> EXERCISE AIM
Excluding pictures, what does the listing below contain from the line with "anzeigen | |" up to and including the line with "Het Vesta wandcloset", word for word?

> DATA EXTRACTS
************

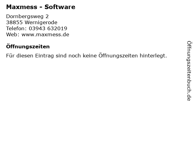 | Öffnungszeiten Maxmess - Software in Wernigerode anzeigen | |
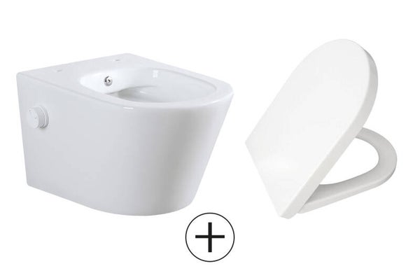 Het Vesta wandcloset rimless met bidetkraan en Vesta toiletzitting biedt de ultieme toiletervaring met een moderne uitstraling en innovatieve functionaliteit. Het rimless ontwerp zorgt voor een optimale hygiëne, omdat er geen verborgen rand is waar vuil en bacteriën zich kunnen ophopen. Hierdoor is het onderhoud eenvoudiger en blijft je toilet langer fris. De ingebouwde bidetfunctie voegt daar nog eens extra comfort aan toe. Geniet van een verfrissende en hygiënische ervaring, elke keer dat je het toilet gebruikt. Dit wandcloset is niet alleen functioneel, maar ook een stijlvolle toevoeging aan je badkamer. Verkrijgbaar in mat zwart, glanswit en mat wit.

************

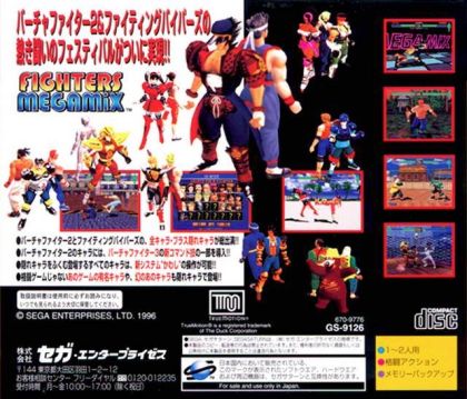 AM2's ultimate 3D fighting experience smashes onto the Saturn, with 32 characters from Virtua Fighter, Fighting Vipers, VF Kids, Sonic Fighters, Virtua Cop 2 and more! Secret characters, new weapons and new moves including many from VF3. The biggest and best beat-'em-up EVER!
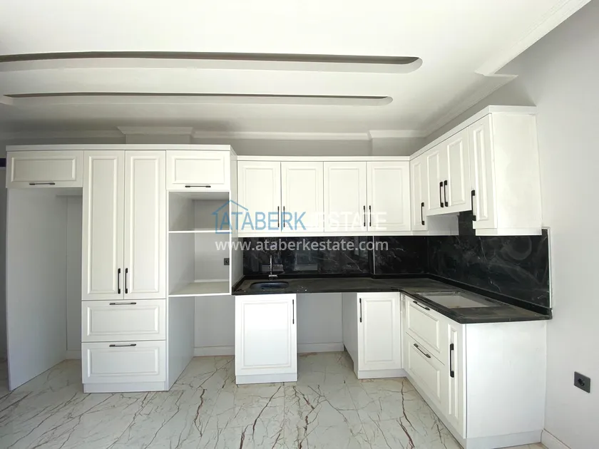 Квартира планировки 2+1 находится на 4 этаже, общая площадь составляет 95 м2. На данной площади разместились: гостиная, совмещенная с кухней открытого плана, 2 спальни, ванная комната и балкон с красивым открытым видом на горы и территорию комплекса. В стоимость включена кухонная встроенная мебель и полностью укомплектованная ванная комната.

************

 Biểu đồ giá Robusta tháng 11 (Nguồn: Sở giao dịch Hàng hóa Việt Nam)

************

> RESPONSE TO THIS TASK
 | Öffnungszeiten Maxmess - Software in Wernigerode anzeigen | |
 Het Vesta wandcloset rimless met bidetkraan en Vesta toiletzitting biedt de ultieme toiletervaring met een moderne uitstraling en innovatieve functionaliteit. Het rimless ontwerp zorgt voor een optimale hygiëne, omdat er geen verborgen rand is waar vuil en bacteriën zich kunnen ophopen. Hierdoor is het onderhoud eenvoudiger en blijft je toilet langer fris. De ingebouwde bidetfunctie voegt daar nog eens extra comfort aan toe. Geniet van een verfrissende en hygiënische ervaring, elke keer dat je het toilet gebruikt. Dit wandcloset is niet alleen functioneel, maar ook een stijlvolle toevoeging aan je badkamer. Verkrijgbaar in mat zwart, glanswit en mat wit.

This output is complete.